THEORY OF LITERATURE AND OTHER CRITICAL WRITINGS, by Natsume Soseki. Columbia University Press, 2009, 287 pp., $50 (hardcover)

Natsume Soseki (1867-1916) is said to rank among the world's great 20th-century writers. Many consider him Japan's greatest modern novelist. His books, from the comic "I Am a Cat" (1905) and "Botchan" (1906) to the tragic "And Then" (1909) and "Kokoro" (1914), are classics.

His reputation is not unchallengeable but it is immense, and a challenge, to be credible, must be of similar stature. I therefore withhold mine, and mention only in passing that 30-odd years ago I dipped into his work, didn't like it, and haven't looked back, though I am about to, thanks to the book under review.

"Theory of Literature and Other Critical Writings" is an intimidating title but a wonderful anthology.
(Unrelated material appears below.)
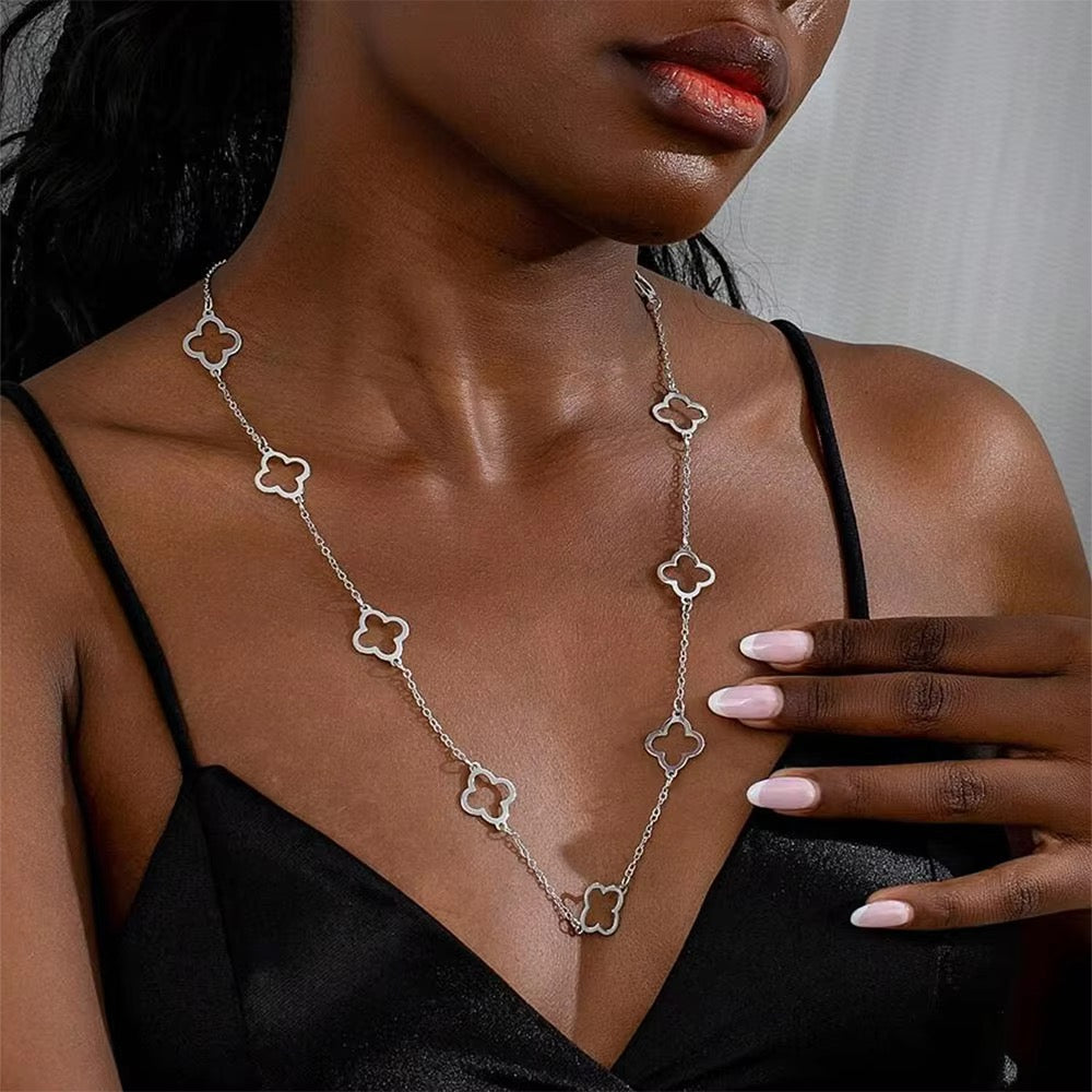 Bring ein bisschen Glück in deinen Look mit der Lucky Clover Halskette. Die zarten vierblättrigen Anhänger sind stilvoll über die gesamte Länge verteilt und verleihen jedem Outfit einen Hauch von Eleganz. Hochwertiger, goldfarbener Edelstahl sorgt für langlebigen Glanz, während das leichte Design angenehm zu tragen ist – perfekt für Alltag und besondere Momente.

Soseki, to be sure, was a serious man, and he's engaged here in serious business, but he has the saving gift of humor, which, without effacing his melancholy and hypochondria, at times makes you wish you were in the hall listening to him deliver the lectures included here. How, for example, would students at the Tokyo Art College in 1907 have responded to this sally? "Despite the fact that there are a large number of you here listening today, you only seem to be here. I'm very sorry for you, but you don't actually exist." Would their laughter have been boisterous, or uneasy?